Description
This ticket is a duplicate of the LU-8324, I created it to describe the specific need to prioritize HSM CANCEL over the rest of HSM actions.
The coordinator process actions in fifo style (except for RESTORE). So canceling an action requires that it is sent before the CANCEL request to the copytool. If the action and the CANCEL are on the waiting list, we could directly discard this action before sending it.
Moreover, if the action is running on a copytool, we could send the cancel first.
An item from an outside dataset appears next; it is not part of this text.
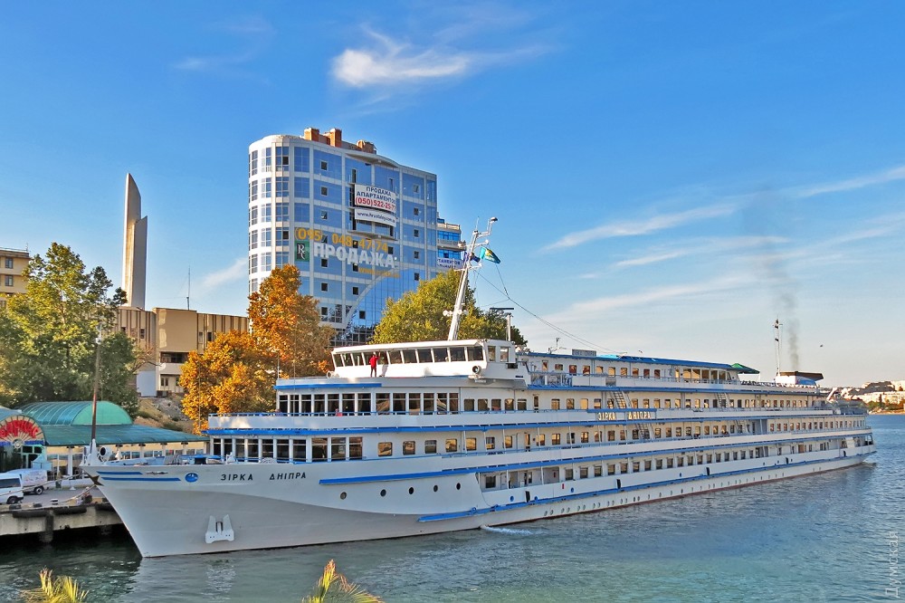Круизный теплоход типа река-море "Зирка Днепра" в настоящее время движется в направлении Крыма.
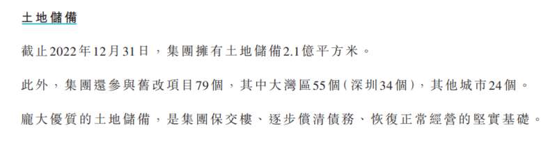 中国恒大称“庞大优质的土地储备,是集团保交楼、逐步偿清债务、恢复正常经营的坚实基础。”

This quickly release resources on the copytool.
Example (for RESTORE action):
When a user requests to restore a lot of files by error, this fills the HSM's llog waiting list and the coordinator.
Then if we want to cancel the RESTORE requests, in most cases, the CANCEL requests will be processed after the RESTORE.
The copytool have to send the RESTORE and then the CANCEL. Moreover RESTORE actions are prioritized (see LU-8324), so CANCEL requests are less likely to be sent.
As workaround, we use the command below manually to cancel all actions in the llog list:
lctl set_param mdt.$FSNAME-MDT0000.hsm_control=purge
The main purposes of this "improvement":
- if the action has not been processed yet, the coordinator should process the cancel and remove the action directly in the llog list without sending it to the copytool.
- if the action has been already processed, the coordinator should send the cancel request in priority to the copytool.